◆ Activity:
Extract word for word the lines of the listing from its start to the line holding "The Silverline 280mm", both ends kept; pictures are not part of the copy.

◆ Available data:
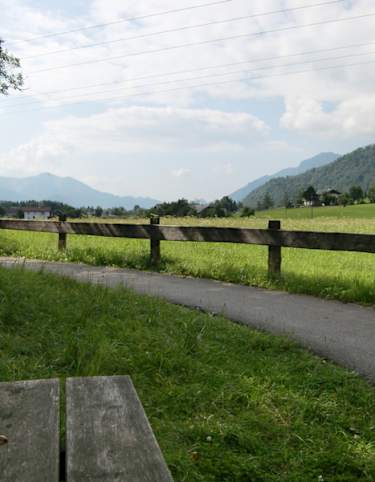 Nach ausgiebiger Ruinen-Erkundung führt der Abstieg über den Römerweg links die Forststraße etwa 30 Minuten hin- unter bis zur Dreifaltigkeitskapelle an der Engleitenstraße. Hier steigt man wieder links in den Soleleitungsweg ein, der beinahe eben und schön schattig unter Bäumen vorbei am Kaiser-Jagd- standbild zurück zum Ausgangspunkt verläuft.
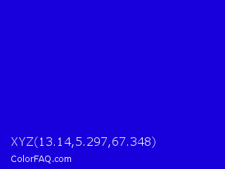 XYZ 13.14,5.297,67.348 Color is a normal indigo color and the nearest color is Medium Blue #0000cd. Hex code #1700db and RGB value is rgb(23,0,219). In RGB color space, this color is composed of 9% red, 0% green, 86% blue, In CMYK color space, this color is composed of 89% cyan, 100% magenta, 0% yellow , 14% black , In HSL color space, this color has a hue angle of 246° , 100% saturation and 43% lightness.
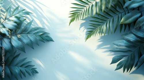 © medi, Fototapeta premium Tropical leaves cast soft shadows on a light blue surface.
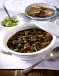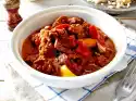 Arrange goulash and potatoes on plates. Garnish goulash with marjoram leaves. Serve with coarse mustard.
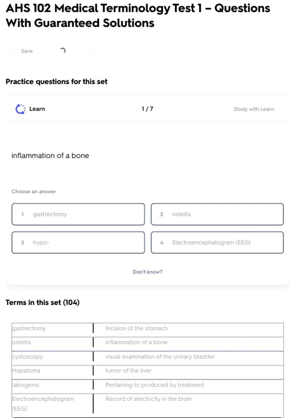 AHS 102 Medical Terminology Test 1 – Questions With Guaranteed Solutions
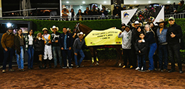 The winning connections of Manny Sr accept the Mexico Breeders’ Futurity Consolation trophy at the Hipodromo de las Americas on Sunday. © Luis Prieto Zamudio Earlier this season, Manny Sr was third in the Mexico Futurity Consolation and also made the finals of the Futurity Garanones. Bred in Mexico by Rancho Santa Rosa Chiapas, he is out of Kabaret by Favorite Cartel. Cesar Garcia Serrano trains son of One Big Bird for Cuadra Mendoza.
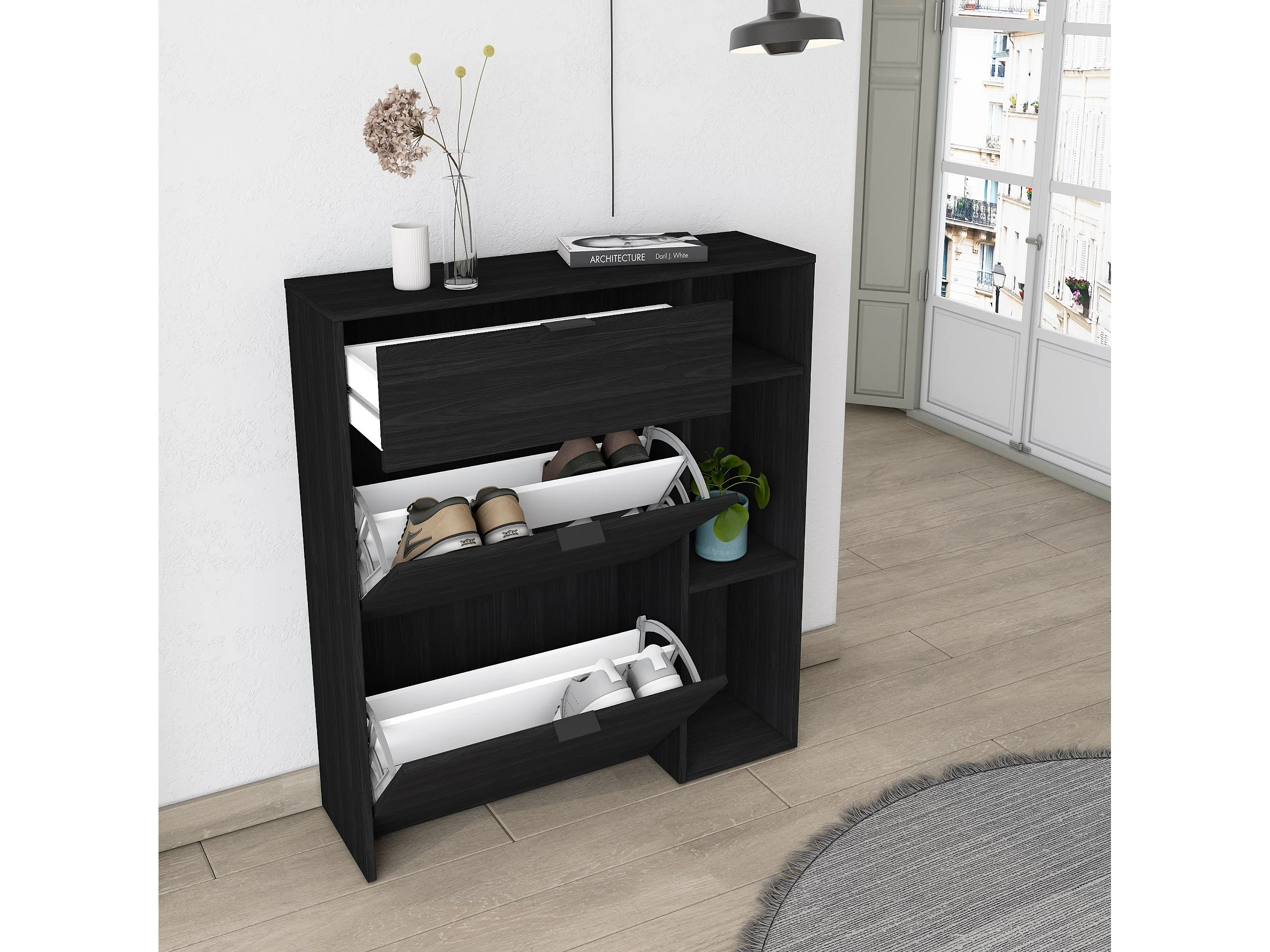 Meuble à Chaussures, 90x102x27 cm, 10 paires de chaussures, Pour Entrée, Noir
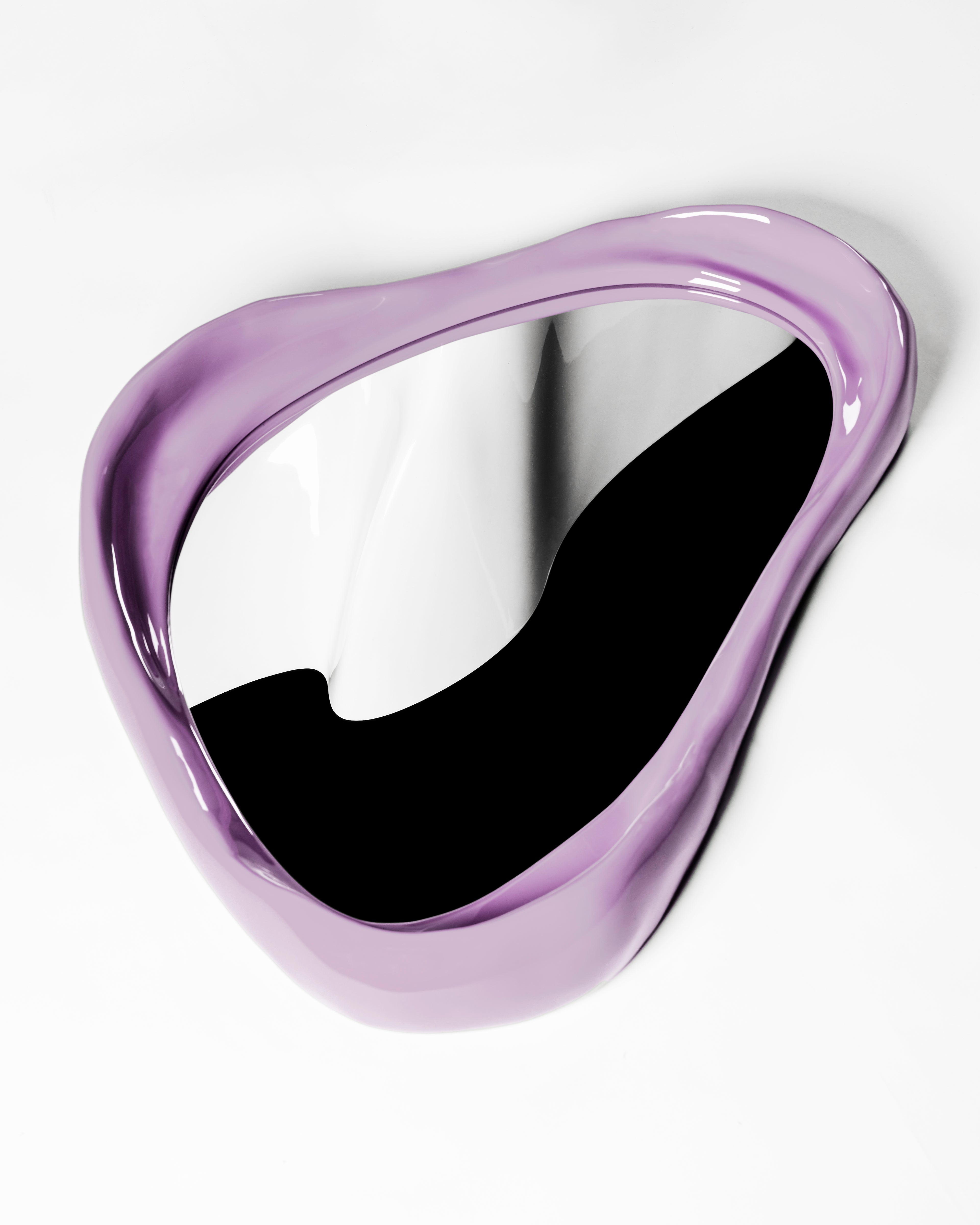 Hand formed and hand painted lacquered mirror.
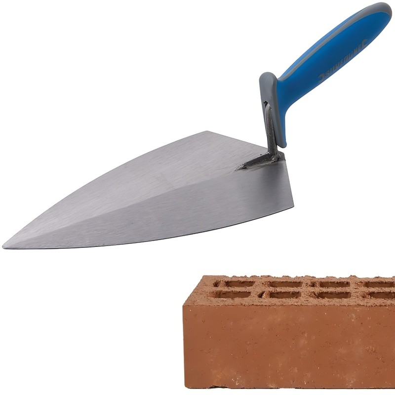 The Silverline 280mm Soft Grip Bricklayers Full Size Brick Trowel is a solid forged, full-length trowel designed for everyday bricklaying and blockwork. The blade is precisely ground with a heel-to-toe taper, giving just the right amount of flexibility for smooth mortar application while maintaining excellent strength.
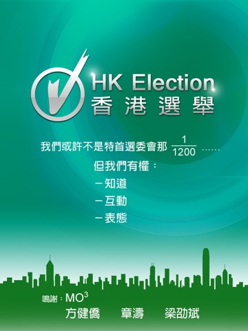 "第四屆行政長官選舉相比歷屆更為激烈,也許我們未必是那1200名選舉委員會的成員,也許我們還有更多聲音想要發出,三位資訊科技企業創辦人:章濤、方健僑、梁卲斌希望藉此程式給予公眾更即時、更便攜的方式了解整個選舉流程"
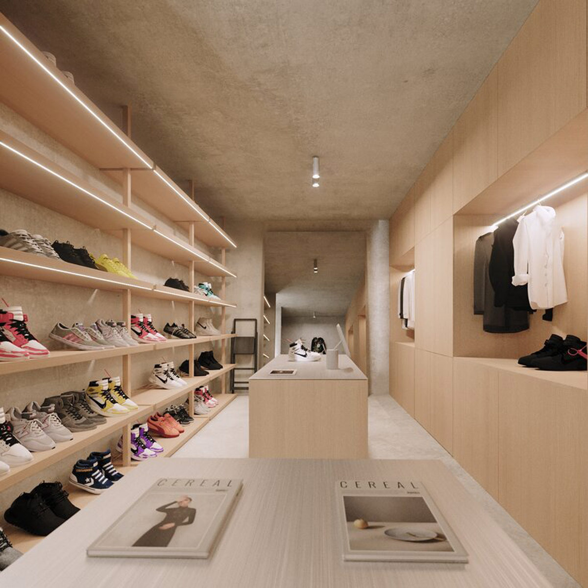 El suelo y las paredes de listones de madera envuelven cálidamente la sala, mientras que el hormigón pálido ilumina la mitad superior.
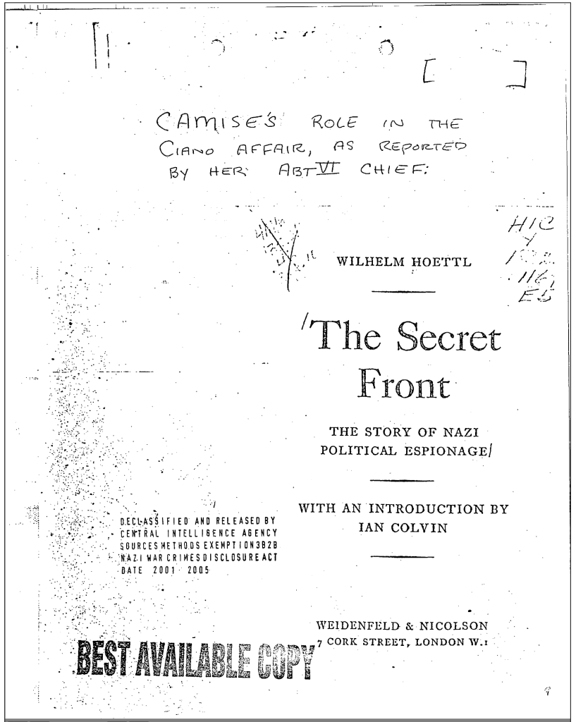 L’officier de la Gestapo Heinrich Pfeifer a fui l’Allemagne nazie pour l’Angleterre et y a écrit ses mémoires, Hinter den Kulissen des 3. Reiches, « Dans les coulisses du Troisième Reich ».
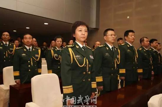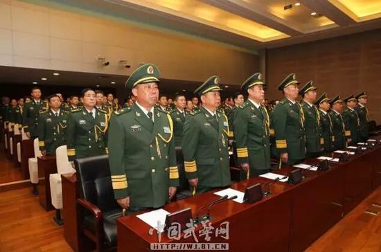 军歌》声中结束。随后,武警部队党委常委与晋升警衔的警官合影留念。(中国武警网)
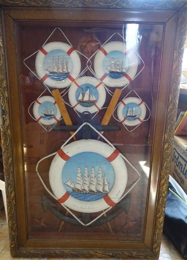gr. Schaukasten mit Darstellungen verschiedener Segelschiff-Typen in Rettungsringen, hinter Glas, RG 100x65 cm
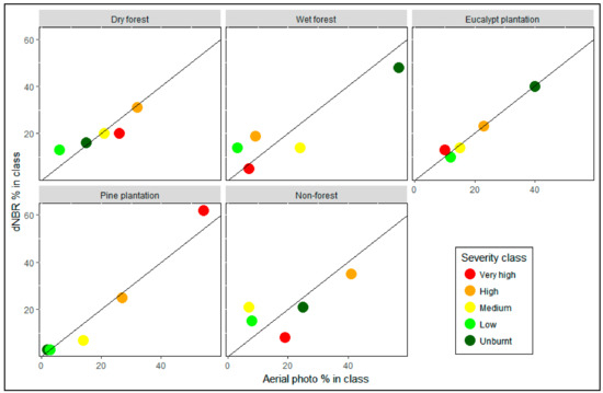 Scatterplot of percentage area of each severity class in each vegetation type in aerial photographic classification relative to the percentage of each class in the dNBR map. The 1:1 line shown in the graphs represents situations where corresponding points between the aerial photo and dNBR data are equal.
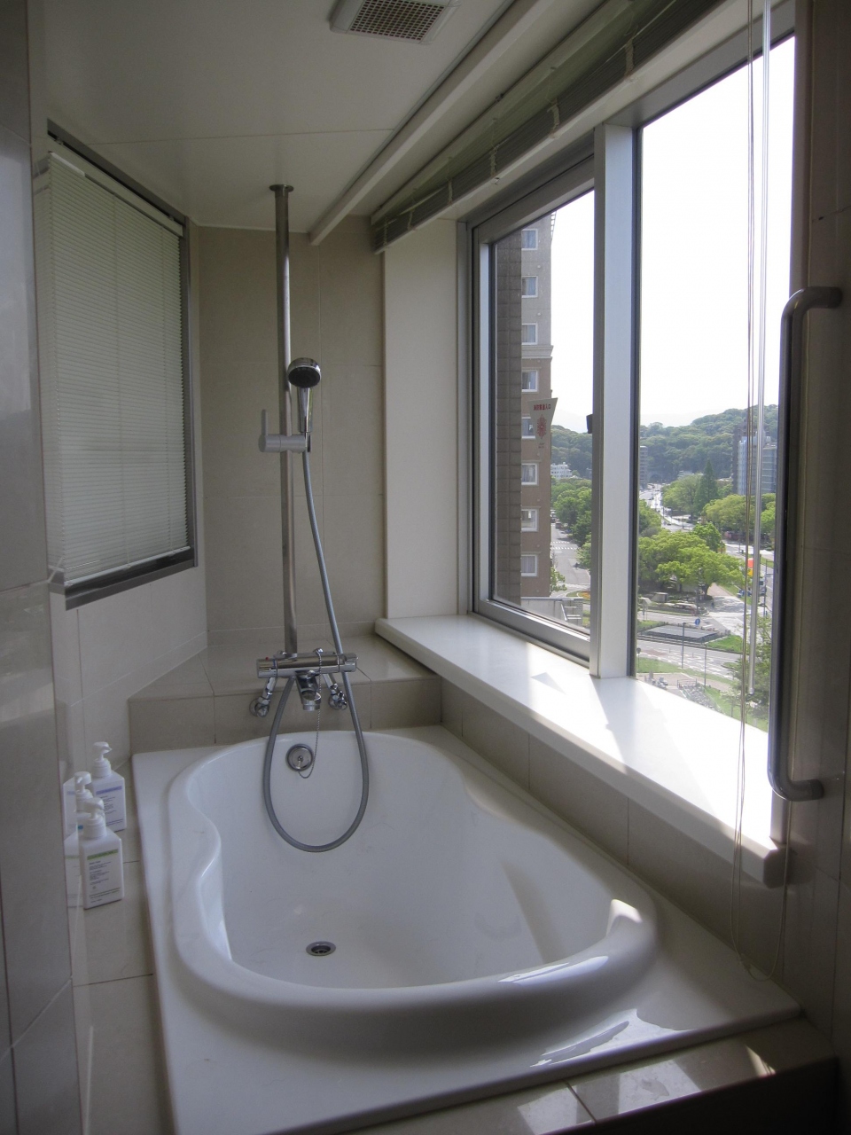 部屋は建物先端のコーナーダブルに宿泊。ビューバス目当てでしたが、このビューバスとても入りにくいし出にくい。あふれた湯が洗面の床を濡らして使いにくい。まあ外の景色が見えるからいいかという程度。
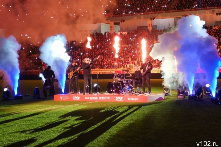 Рок-группа с вокалистом Сергеем Галаниным открыла футбольный вечер на «Волгоград Арене» перед товарищеской встречей сборных России и Ирана. Как передают корреспонденты ИА «Высота 102», после завершения выступления группы перед стартовым свистком матча исполнила гимн России российская и белорусская певица Наталья Подольская.
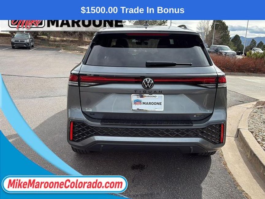 Clean CARFAX. CARFAX One-Owner. FREE DELIVERY ANYWHERE IN COLORADO **. 2025 Volkswagen Tiguan 2.0T SE R-Line Black AWD 8-Speed Automatic 2.0L TSI DOHC Platinum Gray Metallic 22/30 City/Highway MPGThis Tiguan also comes with the FULL Mike Maroone a 60-Day 3000 Mileage Powertrain Warranty. We will review the technician’s vehicle inspection report with you before purchase. Our intention is to provide you a completely transparent buying experiance. At Mike Maroone our used vehicles are Safety Checked, Warrantied, CarFax, and if you don’t like it … Bring it back! For more information or vehicles like it, stop by Mike Maroone North today. We are just north of the Chapel Hills mall behind Walmart in the Chapel Hills Auto Mall.
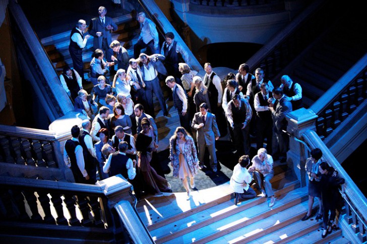 Voilà donc un décor naturel des plus impressionnants comme aucun décorateur ne saurait en imaginer qui offre, en plus, mille et une possibilités au metteur en scène. Et Uwe Eric Laufenberg sait profiter de l'occasion pour nous offrir une direction d'acteur fouillée et prenante. Solistes et chœur se retrouvent tantôt en haut tantôt en bas, le contact avec le chef étant assuré par des écrans fixés à maints endroits. Cette opera seria tardif n'a donc plus rien de statique, les élégants costumes contemporains lui conférant un aspect moderne tout à fait bienvenu. Et le public – dispersé sur différentes « tribunes » à tous les niveaux du grand escalier – se retrouve en quelque sorte au milieu de l'action.
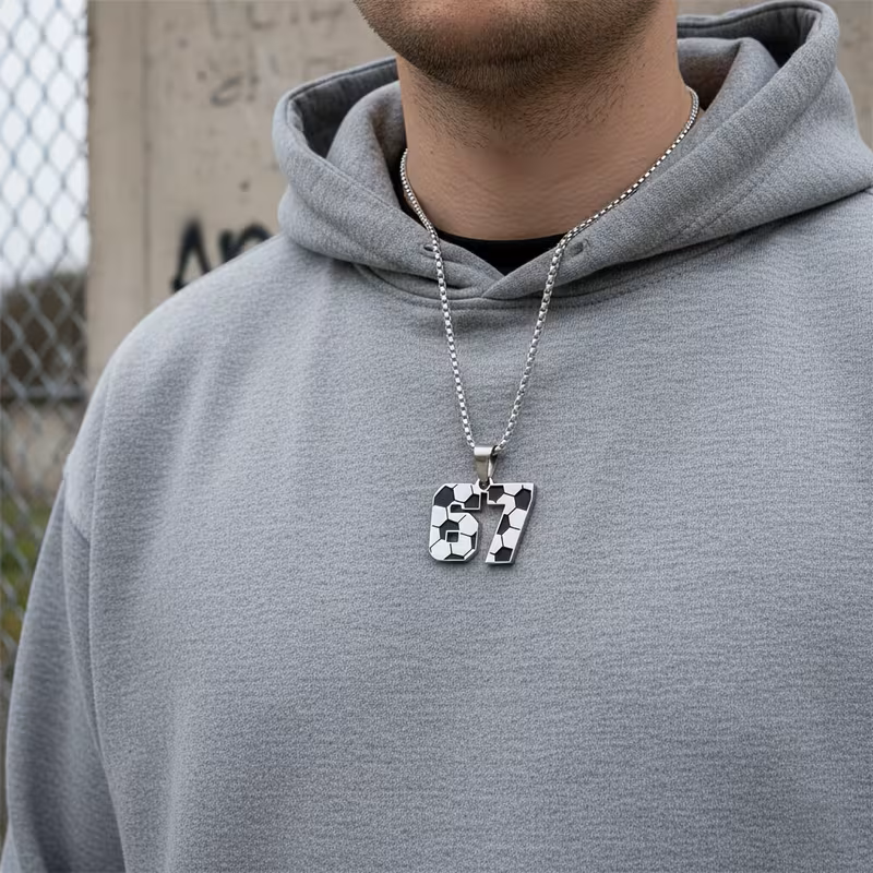 A cool #67 Soccer Necklace with an 18″ heavy duty chain. Zinc alloy charm.
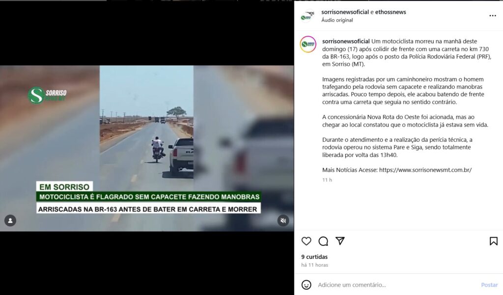 No vídeo é possível ver o piloto trafegando sem o capacete e levantando as mãos, além de invadir a pista contrária em diferentes momentos da gravação. De acordo com informações preliminares, a carreta Volvo FH seguia em direção a Lucas do Rio Verde quando o motociclista, que conduzia uma Honda CG Titan preta, tentou realizar uma ultrapassagem. Com a força da batida, o homem foi arremessado para fora do veículo.
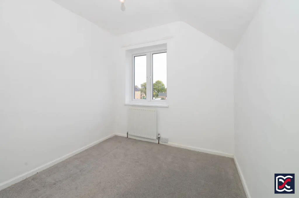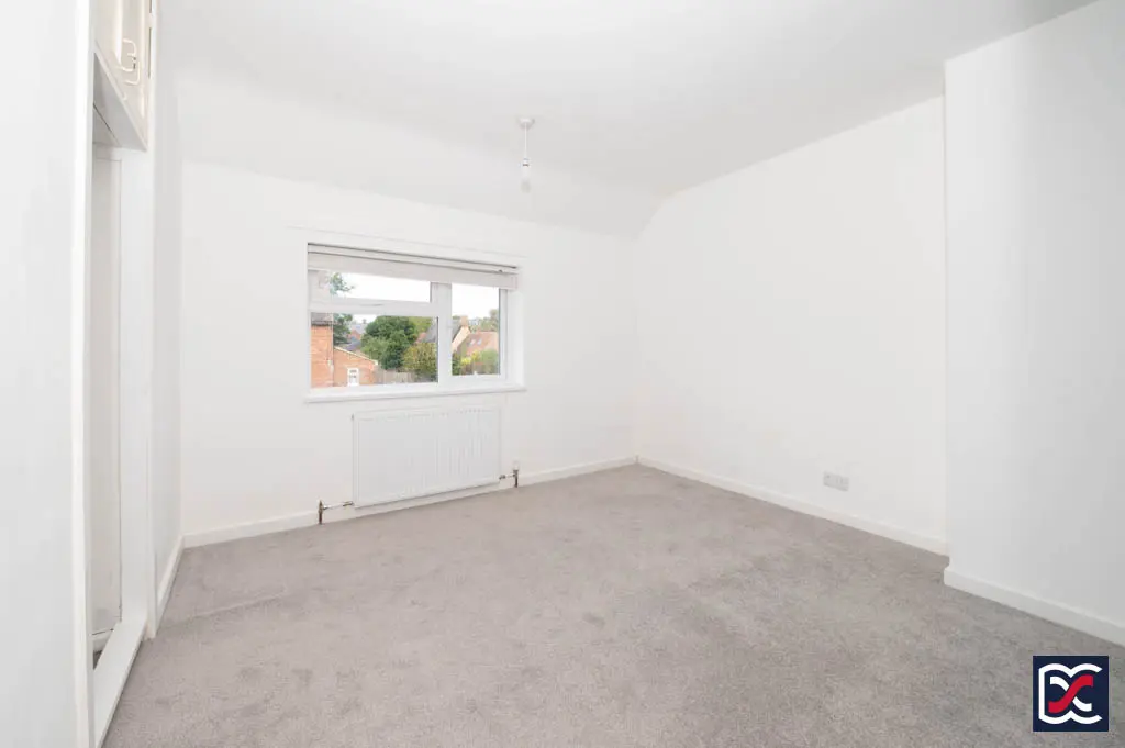 Situated to the front of the property, Bedroom One is a part-vaulted room with a large four-unit double-glazed casement window providing excellent natural light and views to the front aspect. The walls are finished in two-tone emulsion, and the chimney breast includes a blocked fireplace with vent. The floor is laid with cut-pile carpet, and a fitted four-door wardrobe with upper shelving and hanging rail provides useful storage.

◆ Answer box:
 Nach ausgiebiger Ruinen-Erkundung führt der Abstieg über den Römerweg links die Forststraße etwa 30 Minuten hin- unter bis zur Dreifaltigkeitskapelle an der Engleitenstraße. Hier steigt man wieder links in den Soleleitungsweg ein, der beinahe eben und schön schattig unter Bäumen vorbei am Kaiser-Jagd- standbild zurück zum Ausgangspunkt verläuft.
 XYZ 13.14,5.297,67.348 Color is a normal indigo color and the nearest color is Medium Blue #0000cd. Hex code #1700db and RGB value is rgb(23,0,219). In RGB color space, this color is composed of 9% red, 0% green, 86% blue, In CMYK color space, this color is composed of 89% cyan, 100% magenta, 0% yellow , 14% black , In HSL color space, this color has a hue angle of 246° , 100% saturation and 43% lightness.
 © medi, Fototapeta premium Tropical leaves cast soft shadows on a light blue surface.
 Arrange goulash and potatoes on plates. Garnish goulash with marjoram leaves. Serve with coarse mustard.
 AHS 102 Medical Terminology Test 1 – Questions With Guaranteed Solutions
 The winning connections of Manny Sr accept the Mexico Breeders’ Futurity Consolation trophy at the Hipodromo de las Americas on Sunday. © Luis Prieto Zamudio Earlier this season, Manny Sr was third in the Mexico Futurity Consolation and also made the finals of the Futurity Garanones. Bred in Mexico by Rancho Santa Rosa Chiapas, he is out of Kabaret by Favorite Cartel. Cesar Garcia Serrano trains son of One Big Bird for Cuadra Mendoza.
 Meuble à Chaussures, 90x102x27 cm, 10 paires de chaussures, Pour Entrée, Noir
 Hand formed and hand painted lacquered mirror.
 The Silverline 280mm Soft Grip Bricklayers Full Size Brick Trowel is a solid forged, full-length trowel designed for everyday bricklaying and blockwork. The blade is precisely ground with a heel-to-toe taper, giving just the right amount of flexibility for smooth mortar application while maintaining excellent strength.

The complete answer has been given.